Пентаур стал на колени, и Дио – рядом с ним; он начал молиться, и она повторяла за ним:

Слава Тебе, во мраке живущий,Амон – Сокровенный,Владыка безмолвных,Заступник смиренных,Спаситель низверженных в ад!Когда вопиют они: «Господи!» —Ты приходишь к ним издалиИ говоришь: «Я здесь!»

Пали ниц, и волосы на голове у Дио зашевелились от ужаса:

«Он здесь!»

Вышли из храма через восточные врата, где ожидали носилки. Сели в них и поехали в только что построенный царем Ахенатоном маленький храм Гэм-Атон, Сияние Солнца.

Тысячу лет строился храм Амона из огромных каменных глыб – целых скал, а этот – из камешков, наскоро; тот весь был сокровенный, уходящий во мрак, а этот – открытый, солнечный. Никаких божеских ликов не было в нем, кроме Атонова диска с простертыми вниз лучами-руками.

Вошли в один из притворов, где плоское на стене изваяние изображало царя Ахенатона, приносящего жертву богу Солнца.
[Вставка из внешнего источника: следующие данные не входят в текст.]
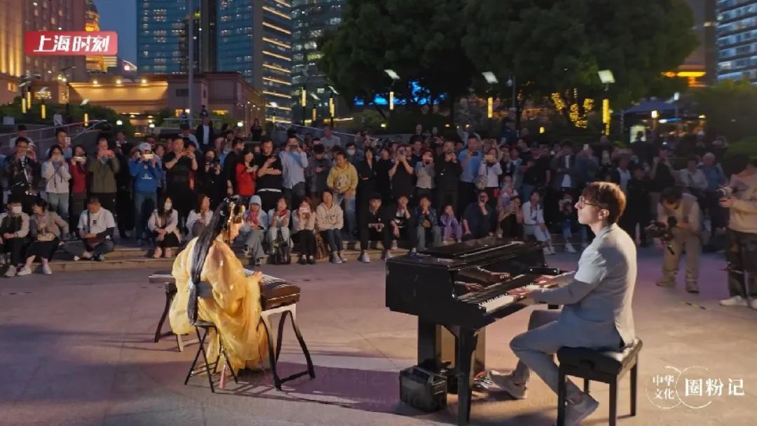这位钢琴演奏者,正是百万音乐UP主(演奏博主)、被中国粉丝昵称为“O叔”的德国钢琴家奥斯卡·罗曼耶卓。今年4月底,他与同为音乐UP主的古筝演奏者“碰碰彭碰彭”在上海繁华的街头,用钢琴和古筝合奏《霍元甲》《曹操》两首曲子,视频一经发布便成为网络爆款。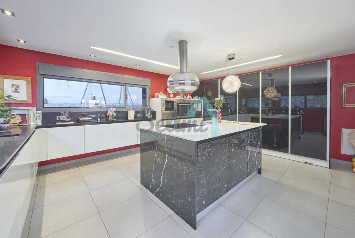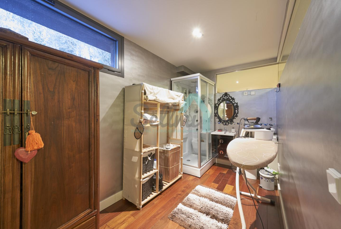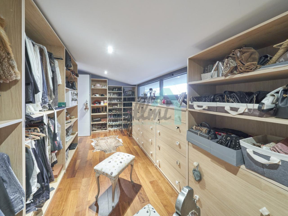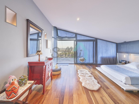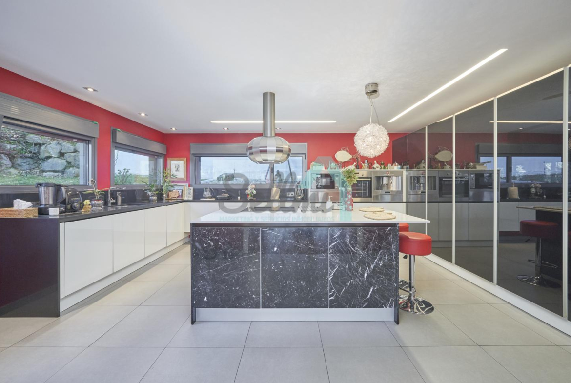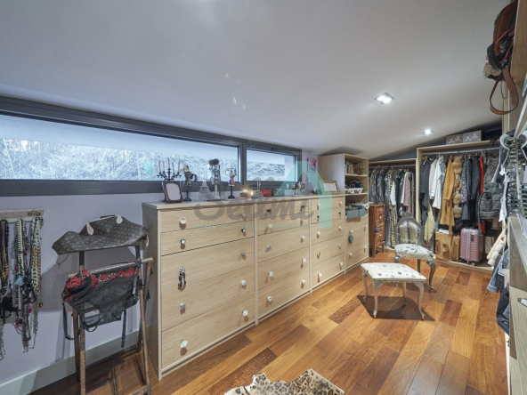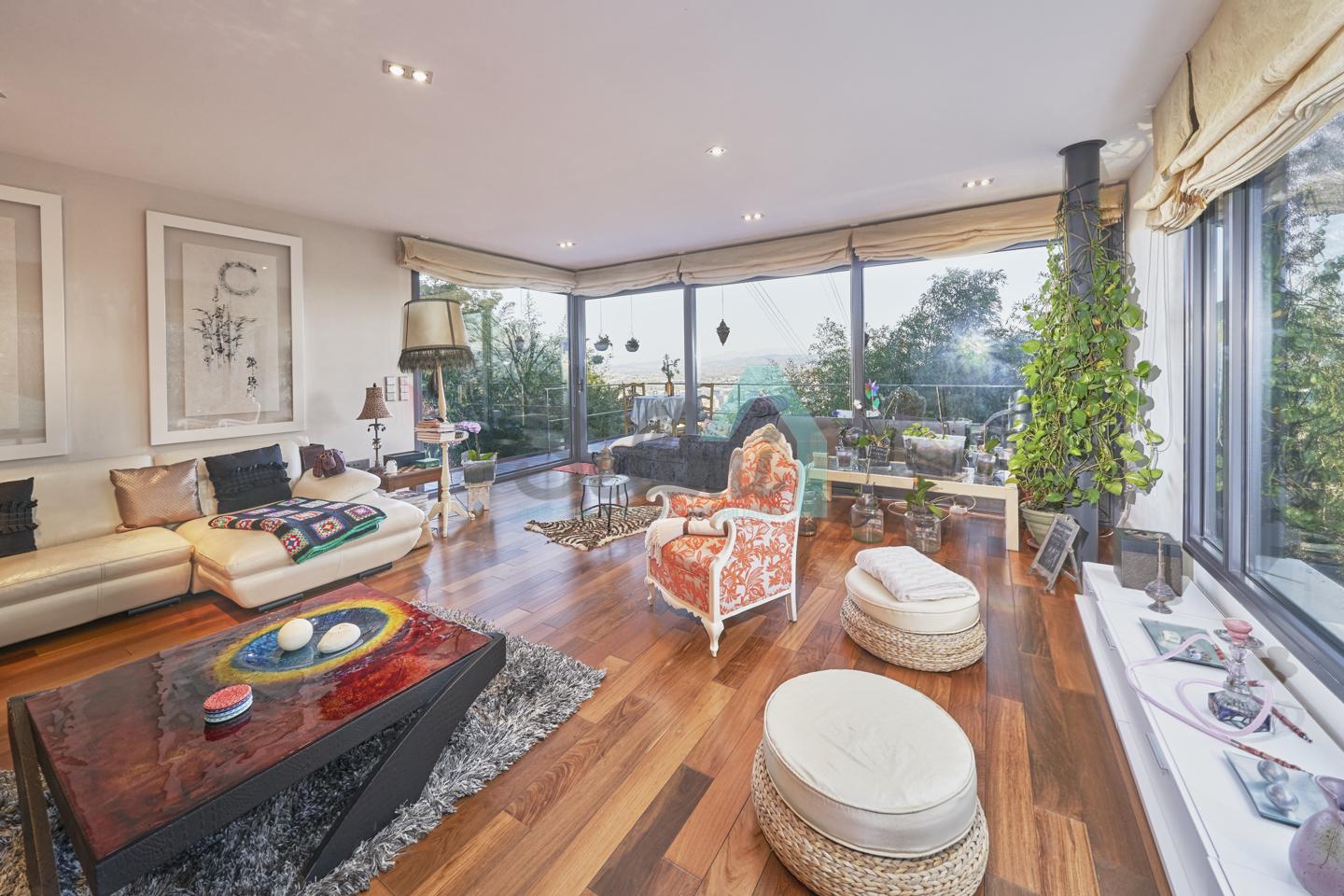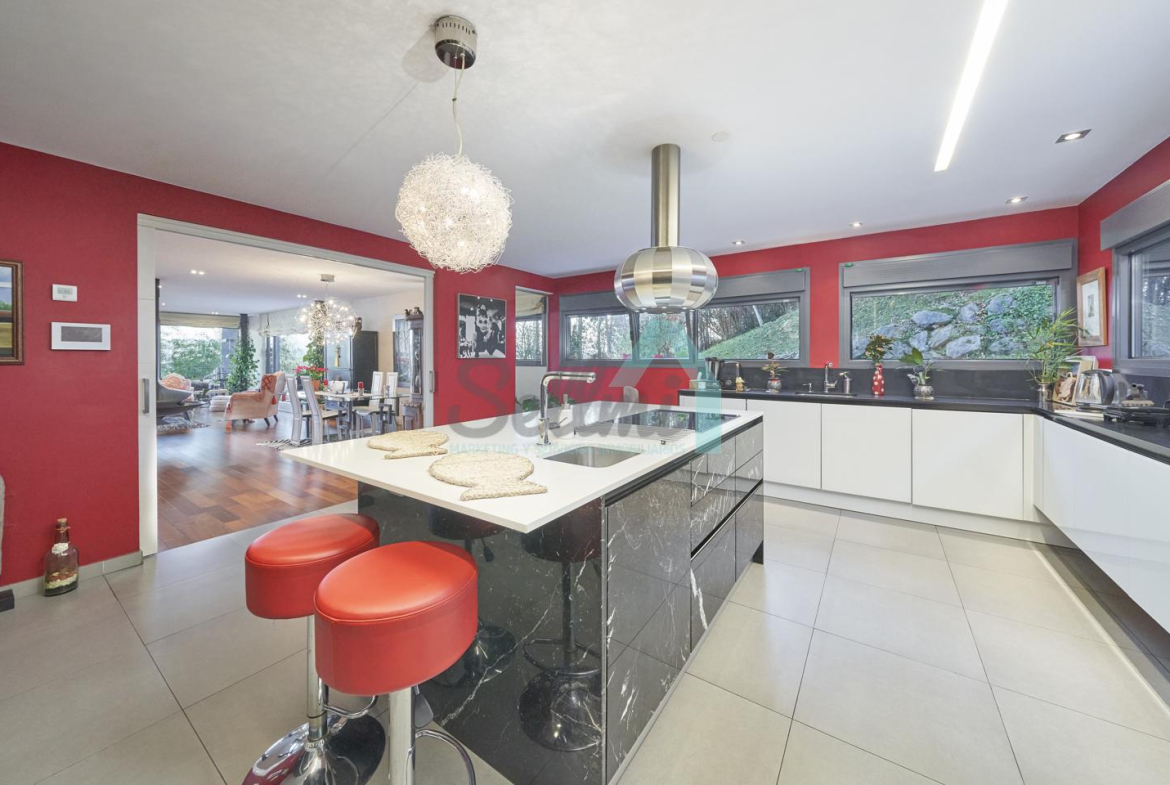 Dispone de aire acondicionado, calefacción individual de gasoil por suelo radiante (con dos depósitos de mil litros cada uno) y actualmente se está haciendo el cambio a aerotermia, suelos de madera de Ipé, baños con azulejos de polvo de mármol y grifería italiana, ventanas Technal de aluminio con cristales de seguridad y manillas ocultas antirrobo, persianas automáticas, armarios empotrados, puerta de seguridad, aspiración centralizada, etc.

Дио взглянула на него и остолбенела. Кто это? Что это? Человек? Нет, иное, неземное существо в человеческом образе. Ни мужчина, ни женщина; ни старик, ни дитя; скопец-скопчиха, дряхлый выкидыш. Страшно исхудалые ноги и руки, как ножные и ручные кости костяка; узкие, детские плечики, а бедра широкие, пухлые; впалая, с пухлыми, точно женскими, сосцами грудь; вздутый, точно беременный, живот; голова огромная, с тыквоподобным черепом, тяжело склоненная на шейке, тонкой, длинной и гнущейся, как стебель цветка; срезанный лоб, отвислый подбородок, остановившийся взор и блуждающая на губах усмешка сумасшедшего.

Дио, вглядываясь в это лицо, все хотела что-то вспомнить и не могла. Вдруг вспомнила.

В загородном, близ Фив, Чарукском дворце, где родился и провел детство Ахенатон, видела она изваянную голову его: мальчик, похожий на девочку; круглое, как яичко, лицо, с детски-девичьей прелестью, тихое-тихое, как у бога, чье имя: «Тихое Сердце».

Снится иногда человеку райский сон, как будто душа его возвращается на свою небесную родину, и долго, проснувшись, он не верит, что это был только сон, и все томится, грустит. Такая грусть была в этом лице. Длинные ресницы опущенных, как бы сном отяжелевших, век казались влажными от слез, а на губах была улыбка – след рая – небесная радость сквозь земную грусть, как солнце сквозь облако.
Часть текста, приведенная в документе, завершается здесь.